On the other hand, Paul tells us to submit to civil leaders for the conscience’s sake (Rom 13:5). That leaves room here to allow for brothers and sisters in Christ to disagree over the specifics of how we resist (Rom 14–15).
So if someone differs from me on the virus and the need to follow guidelines, I can sympathize and allow room for differing opinions.
In the end, love does not equal affirmation. Unity is not uniformity. Affirm the good, love the person, but stand firm in what’s true.
 Some churches have decided not to open at all during the pandemic, even when they can do so. In my circles, that is an oddity. So I am excluding that group here in the discussion.
Doug Sayers says
Thanks Wyatt, I really do appreciate your willingness to write on these very practical and pressing pastoral issues.
Your article makes sense but we are still left with the question of where do we find trustworthy information on which we can base our “view” of the virus and it’s actual threat?
We have medical experts giving us their view of the facts and they are quite contradictory.

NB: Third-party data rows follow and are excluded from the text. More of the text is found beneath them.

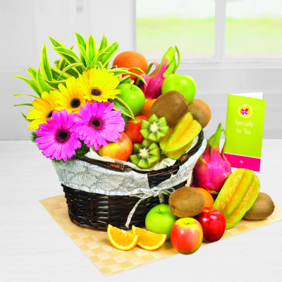 - Consists of Seasonal Fresh Fruits and Flowers.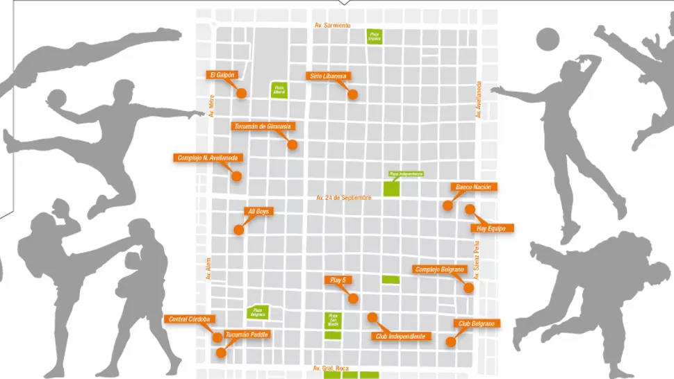 Hay mucho cemento y asfalto, además de una concentración de actividades económicas, sociales, jurídicas y de gobierno. Pero pese a que el paisaje urbano no es el mejor como para pensar en la práctica deportiva, igual la zona interna que se conforma entre las cuatro avenidas en San Miguel de Tucumán cuenta con una buena cantidad de ofertas que son aprovechadas en buen grado por quienes habitan en el centro y en zonas aledañas.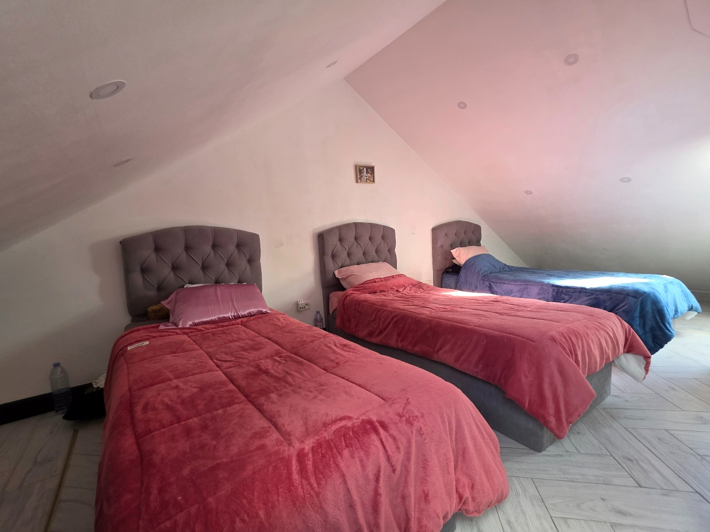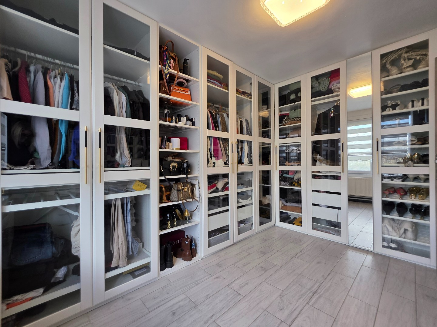 De master bedroom is de eyecather van de tweede verdieping, waar we ook nog een prachtige dressing aantreffen, een slaapkamer, 2 opbergruimtes en een luxebadkamer met douche en toilet. De zeer ruime zolderverdieping, bereikbaar via een vaste trap, biedt een zee van ruimte en is op vandaag ingericht als slaapkamer voor 3 kinderen.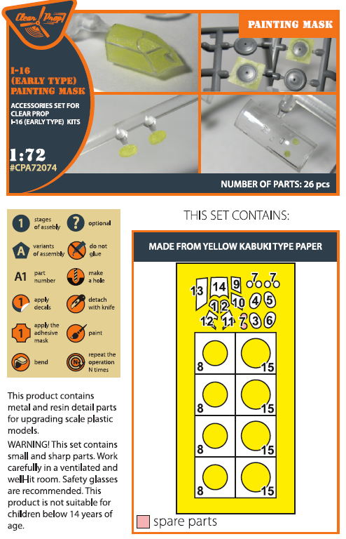CLEAR PROP - 1/72 I-16 early Painting Mask (CL.PROP)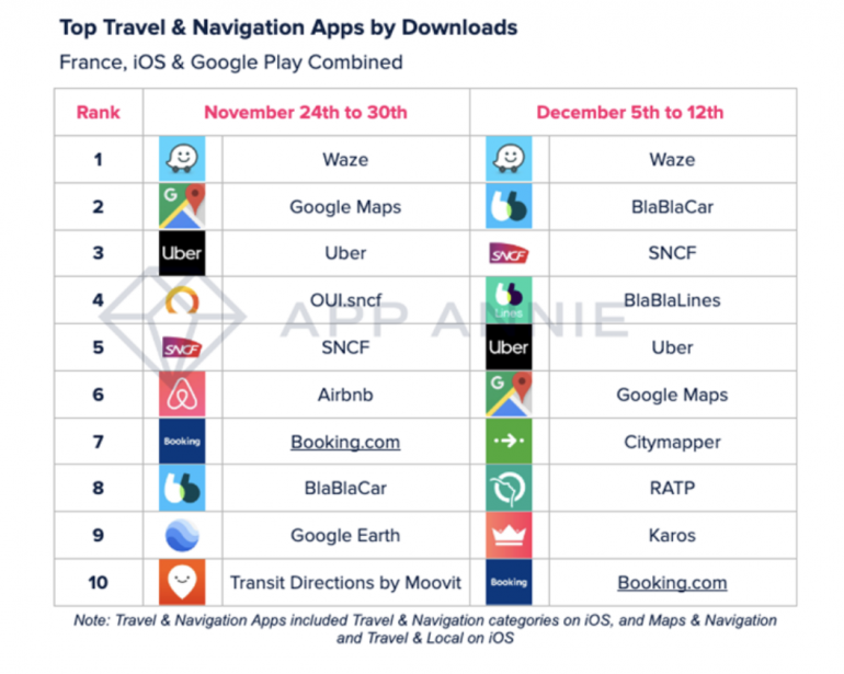 Toujours dominé par Waze, le classement met en lumière le regain d'intérêt des utilisateurs pour les services de covoiturage et de déplacements urbains. Entre le 5 et le 12 décembre, BlaBlaCar est ainsi passé du huitième au deuxième rang des applications de mobilité les plus téléchargées en France. Ses concurrents BlaBlaLines et Karos font une entrée remarquée dans le top 10 respectivement en quatrième et neuvième positions.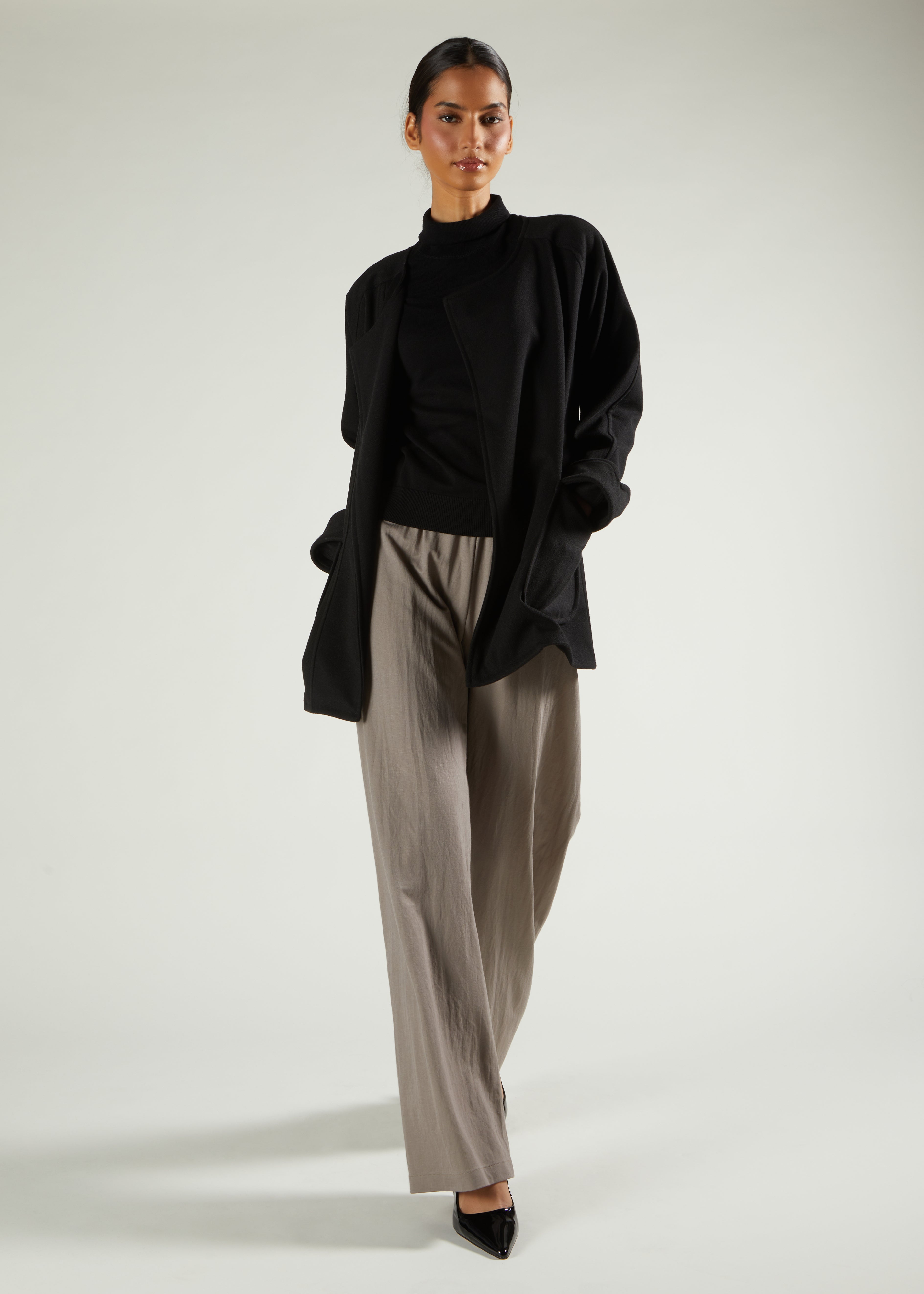 The Tote Jacket offers a simple yet stylish layer to complement your Abayas, Maxis, or modest attire. Featuring no buttons or zips, it can be worn open or cinched with a belt, enhancing your daily ensembles effortlessly. Made from a wool-look fabric, it’s perfect for layering or providing quick warmth on cooler days.

We have experts who are all-in on lockdowns, masks, and shots and we have those who have questioned the reliability of the PCR tests, the way death certificates have been filled out, interpreted, and counted, and the safety and efficacy of the lightly tested new vaccine-type mrna treatments.
Bad data leads to bad conclusions.
Who do we trust when we can’t get good information: Those who will rake in advertising revenue, campaign contributions, stock portfolio booms, and unprecedented profits OR those who have lost their jobs, had their reputations tainted, and medical licenses threatened and/or suspended trying to warn the public of possible (if not likely) personal harm and further erode our trust in the health care systems of our countries?
Their is good biblical reason to “follow the money” and include that data in our assessment of the situation.
Thanks, Doug. That is a real problem, isn’t it? I think it involves finding trustworthy individuals who are known to be skilled at what they do. But … that can take some filtering.